Reputation: 35
I am trying to grab the universities attorneys attended at a particular law firm, but I am unsure how to grab both universities listed in this link: https://www.wlrk.com/attorney/hahn/. As seen in the first linked image, the two universities this attorney attended are under the two seperate 'li' tags.
When I run the following code, I only get the html up to the end of the first 'li' tag (as seen in the second linked image), but not the second li section hence I only get the first university "Carleton College:"
import requests
from bs4 import BeautifulSoup as soup
url = 'https://www.wlrk.com/attorney/hahn/'
res = requests.get(url, headers={'User-Agent': 'Mozilla/5.0 (Windows NT 6.1; Win64; x64; rv:25.0) Gecko/20100101 Firefox/25.0'})
personal_soup = soup(res.content, "html.parser")

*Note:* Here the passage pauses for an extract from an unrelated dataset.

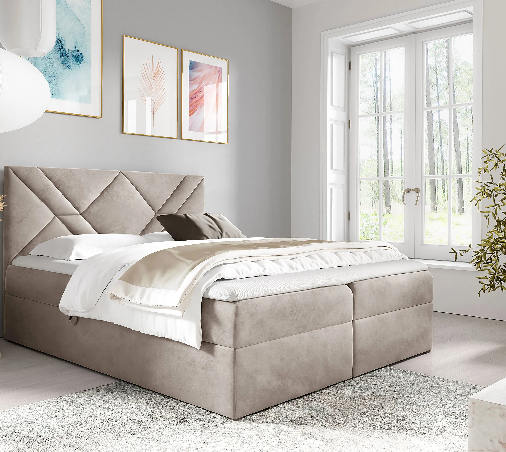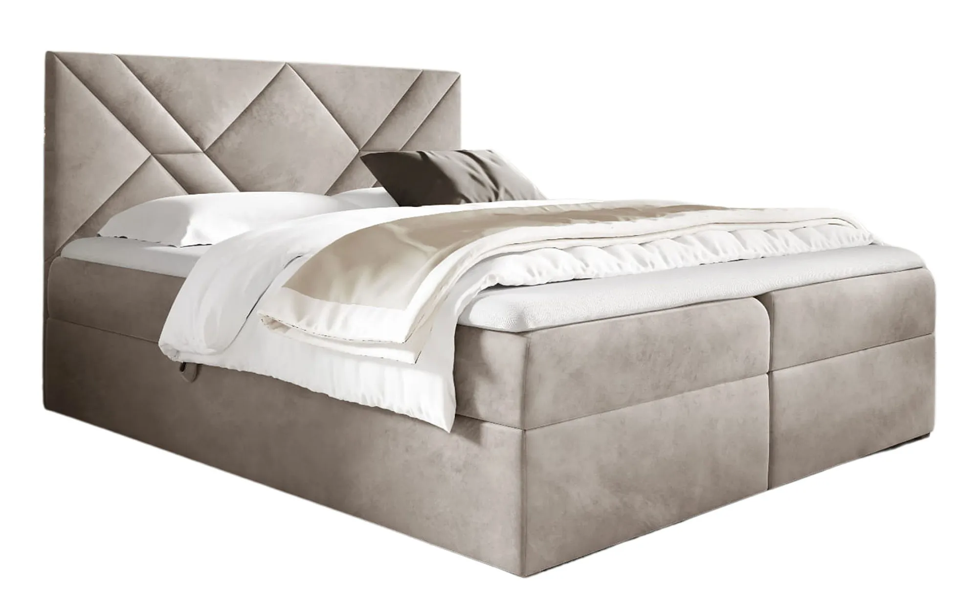 Velvaro marki Edinos Premium to łóżko kontynentalne stworzone z myślą o osobach poszukujących idealnego połączenia komfortu snu i eleganckiego designu. Wysokie, wygodne wezgłowie z dekoracyjnymi przeszyciami wyróżnia się nowoczesnym i dopracowanym stylem, który nadaje sypialni wyjątkowego charakteru. Przemyślana konstrukcja warstwowa zapewnia wsparcie dla kręgosłupa i sprzyja regeneracji, a zintegrowane pojemniki na pościel pomagają w zachowaniu porządku i pełnym wykorzystaniu przestrzeni. Velvaro to mebel, który codzienny odpoczynek przemienia w czystą przyjemność.

education = personal_soup.find("div",{'class':'attorney--education'})
education.li.a.text # 'Carleton University'
Upvotes: 1
Views: 63
Reputation: 84465
Change your parser and I would use select
and target the a
elements direct. 'lxml' is more forgiving and will handle the stray closing a
tags which shouldn't be there. Also, find
would only ever have returned first match versus find_all
which returns all matches.
e.g.
<a href="/attorneys/?asf_ugs=257">Carleton College</a></a>
Stray end tag a.
From line 231, column 127; to line 231, column 130
ollege</a></a>, 2013
Stray end tag a.
From line 231, column 239; to line 231, column 242
of Law</a></a>, J.D.
import requests
from bs4 import BeautifulSoup as soup
url = 'https://www.wlrk.com/attorney/hahn/'
res = requests.get(url, headers={'User-Agent': 'Mozilla/5.0 (Windows NT 6.1; Win64; x64; rv:25.0) Gecko/20100101 Firefox/25.0'})
personal_soup = soup(res.content, "lxml")
educations = [a.text for a in personal_soup.select('.attorney--education a')]
print(educations)
Upvotes: 1
Reputation: 1938
The bs is fetching only the first li element. I am not sure why. If you want try using lxml, here is a way,
import lxml
from lxml import html
url = 'https://www.wlrk.com/attorney/hahn/'
res = requests.get(url, headers={'User-Agent': 'Mozilla/5.0 (Windows NT 6.1; Win64; x64; rv:25.0) Gecko/20100101 Firefox/25.0'})
tree = html.fromstring(res.content)
education = tree.xpath("//div[@class='attorney--education']//li/a/text()")
print(education)
output:
['Carleton College', 'New York University School of Law']
Upvotes: 0